** Opening Dataset extract block **
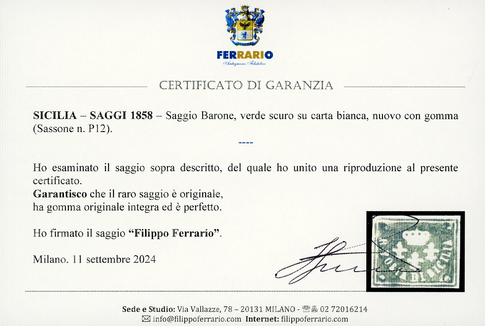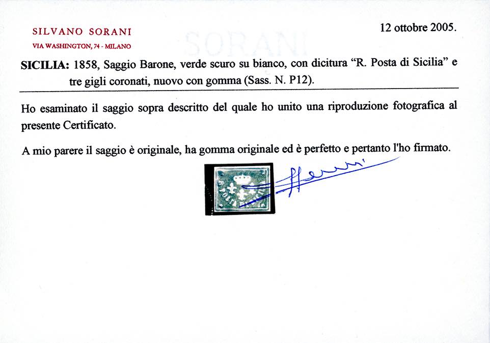 1858 - Saggio Barone, verde scuro su carta bianca (P12), gomma originale integra, perfetto e molto fresco. Raro. Cert. Sorani e Ferrario.
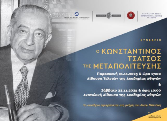 Το Ίδρυμα της Βουλής των Ελλήνων για τον Κοινοβουλευτισμό και τη Δημοκρατία σε συνεργασία με την Ακαδημία Αθηνών, το Κέντρο Βυζαντινών, Νεοελληνικών και Κυπριακών Σπουδών του Πανεπιστημίου της Γρανάδας και την Εταιρία των Φίλων Κωνσταντίνου και Ιωάννας Τσάτσου διοργανώνει συνέδριο αφιερωμένο στον Κωνσταντίνο Τσάτσο με θέμα Ο Κωνσταντίνος Τσάτσος της Μεταπολίτευσης με τη συμμετοχή ειδικών από την Ελλάδα και το εξωτερικό. Το συνέδριο θα πραγματοποιηθεί στην Αθήνα, στην Αίθουσα Τελετών της Ακαδημίας Αθηνών την Παρασκευή 21 Νοεμβρίου 2025 και στην Ανατολική Αίθουσα της Ακαδημίας Αθηνών το Σάββατο 22 Νοεμβρίου 2025 (Πανεπιστημίου 28).
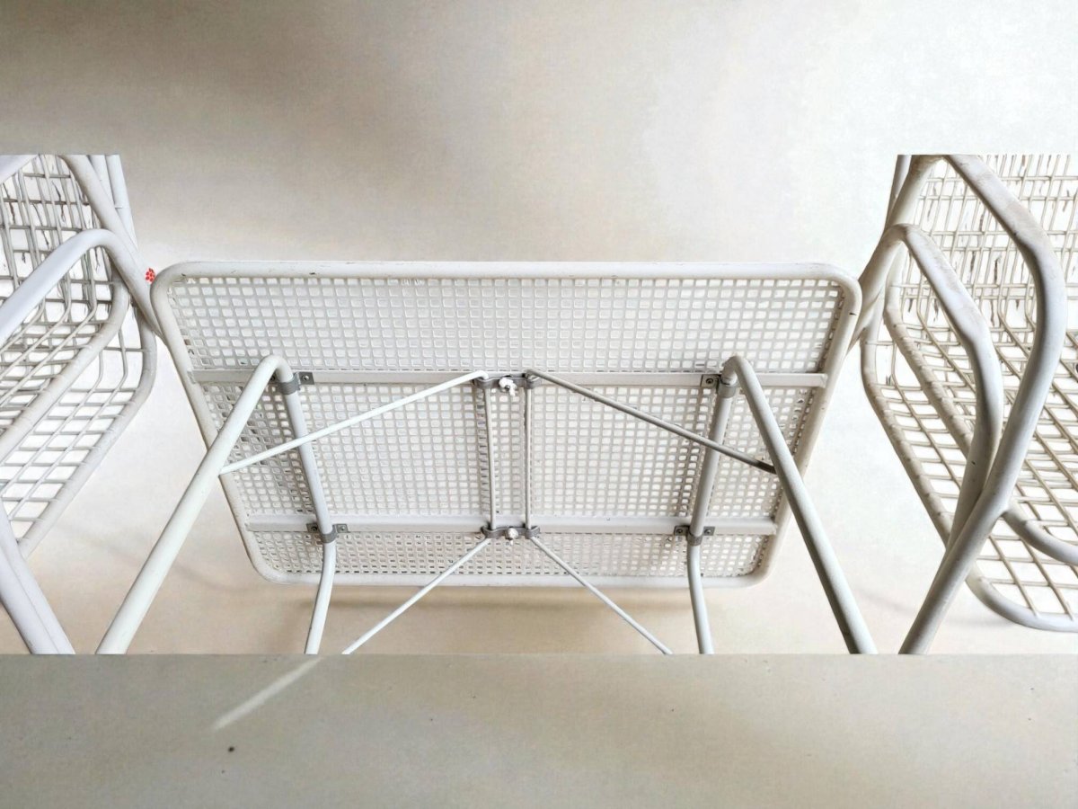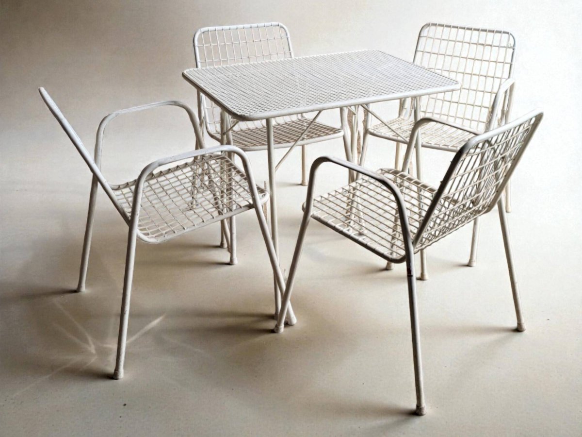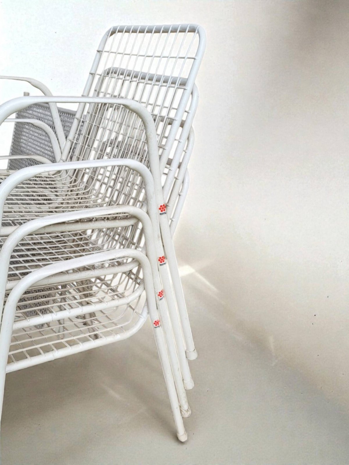 EMU outdoor furniture set including 4 armchairs and 1 table. This is the RIO model, emblematic of the brand. The model was launched in 1968.
** Closing Dataset extract block **
▸ **What to work on**: Exclude the images and reproduce the remaining data exactly.

▸ **Solution to this problem**:
 1858 - Saggio Barone, verde scuro su carta bianca (P12), gomma originale integra, perfetto e molto fresco. Raro. Cert. Sorani e Ferrario.
 Το Ίδρυμα της Βουλής των Ελλήνων για τον Κοινοβουλευτισμό και τη Δημοκρατία σε συνεργασία με την Ακαδημία Αθηνών, το Κέντρο Βυζαντινών, Νεοελληνικών και Κυπριακών Σπουδών του Πανεπιστημίου της Γρανάδας και την Εταιρία των Φίλων Κωνσταντίνου και Ιωάννας Τσάτσου διοργανώνει συνέδριο αφιερωμένο στον Κωνσταντίνο Τσάτσο με θέμα Ο Κωνσταντίνος Τσάτσος της Μεταπολίτευσης με τη συμμετοχή ειδικών από την Ελλάδα και το εξωτερικό. Το συνέδριο θα πραγματοποιηθεί στην Αθήνα, στην Αίθουσα Τελετών της Ακαδημίας Αθηνών την Παρασκευή 21 Νοεμβρίου 2025 και στην Ανατολική Αίθουσα της Ακαδημίας Αθηνών το Σάββατο 22 Νοεμβρίου 2025 (Πανεπιστημίου 28).
 EMU outdoor furniture set including 4 armchairs and 1 table. This is the RIO model, emblematic of the brand. The model was launched in 1968.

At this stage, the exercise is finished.